Mme Annie David attire l'attention de M. le ministre du travail, de l'emploi et de la santé sur le régime juridique du contrat de travail des saisonniers. La France est le premier pays visité au monde, 78 millions de touristes sont accueillis par des professionnels de talent que sont les employeurs et les salariés de ce secteur d'activité florissant, puisqu'il a rapporté, en 2010, 145 milliards d'euros.

Pourtant les 400 000 salariés en CDD saisonniers sont pénalisés par des règles qui les empêchent de bénéficier des mêmes droits que les autres CDD, et ce, pour plusieurs raisons : absence de définition légale du travail saisonnier, la clause de reconduction des contrats de travail d'une saison à l'autre n'est pas systématique, le CDD saisonnier n'ouvre pas droit à la prime de 10 % de fin de contrat comme les CDD et le chômage des saisonniers est moins indemnisé, puisque leurs allocations sont minorées par un coefficient réducteur.

Face à cette inégalité de traitement, le Médiateur de la République a été saisi.
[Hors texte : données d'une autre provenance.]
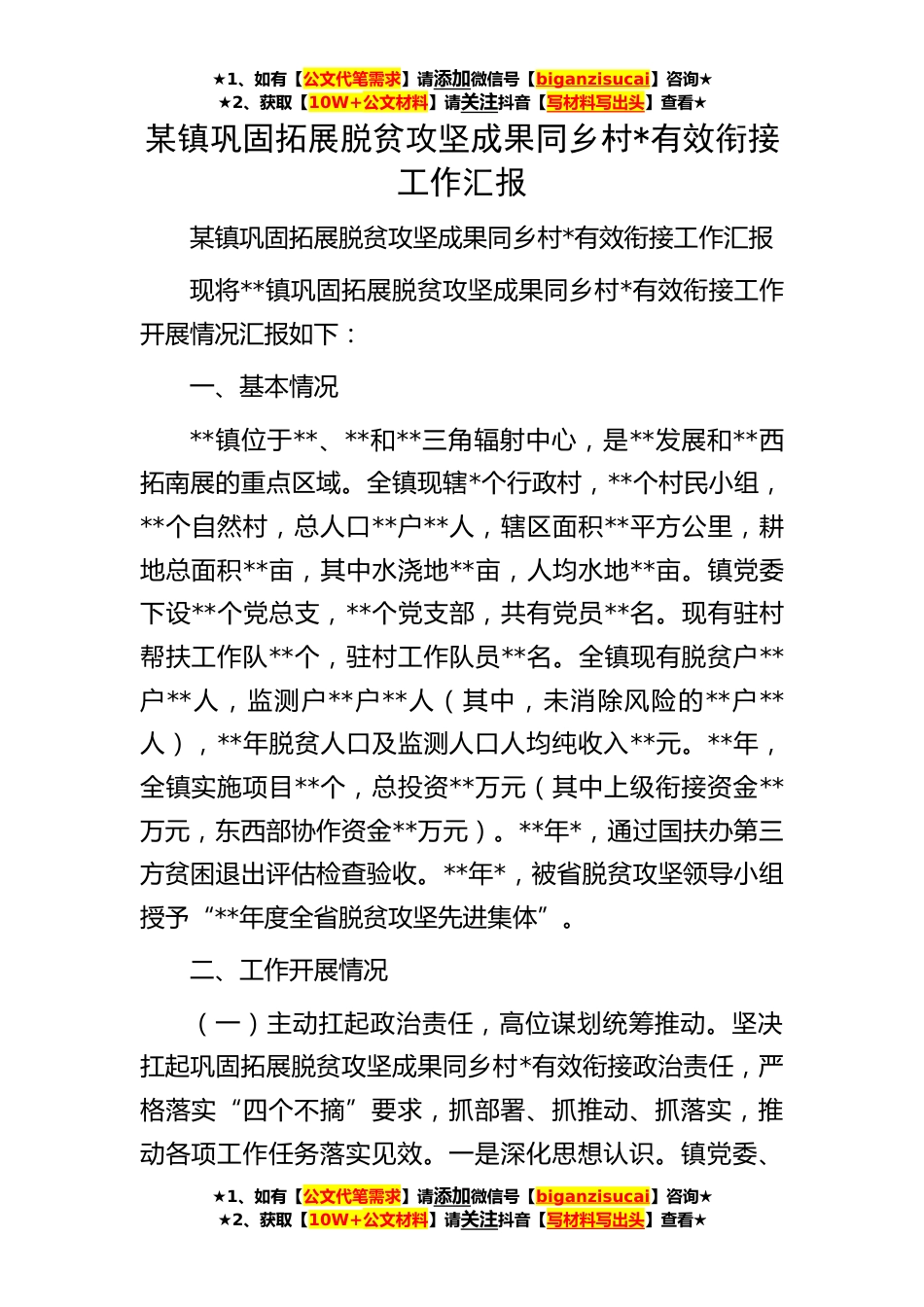 ★1、如有【公文代笔需求】请添加微信号【biganzisucai】咨询★★2、获取【10W+公文材料】请关注抖音【写材料写出头】查看★★1、如有【公文代笔需求】请添加微信号【biganzisucai】咨询★★2、获取【10W+公文材料】请关注抖音【写材料写出头】查看★★1、如有【公文代笔需求】请添加微信号【biganzisucai】咨询★★2、获取【10W+公文材料】请关注抖音【写材料写出头】查看★某镇巩固拓展脱贫攻坚成果同乡村*有效衔接工作汇报某镇巩固拓展脱贫攻坚成果同乡村*有效衔接工作汇报现将**镇巩固拓展脱贫攻坚成果同乡村*有效衔接工作开展情况汇报如下:一、基本情况**镇位于**、**和**三角辐射中心,是**发展和**西拓南展的重点区域。全镇现辖*个行政村,**个村民小组,**个自然村,总人口**户**人,辖区面积**平方公里...

Il a, conformément à son pouvoir de réforme, fait une proposition de réforme qui a été adressée à Monsieur le ministre du travail, de l'emploi et de la santé, ainsi qu'à Madame la ministre de l'économie, des finances et de l'industrie, à Monsieur le ministre de l'agriculture, de l‘alimentation, de la pêche, de la ruralité et de l'aménagement du territoire et à Monsieur le secrétaire d'État chargé du commerce, de l'artisanat, des petites et moyennes entreprises du tourisme, des services et des professions libérales.

Aussi, elle lui demande quelles suites il entend donner à cette proposition qui permettrait une amélioration considérable et légitime des conditions de travail des saisonniers.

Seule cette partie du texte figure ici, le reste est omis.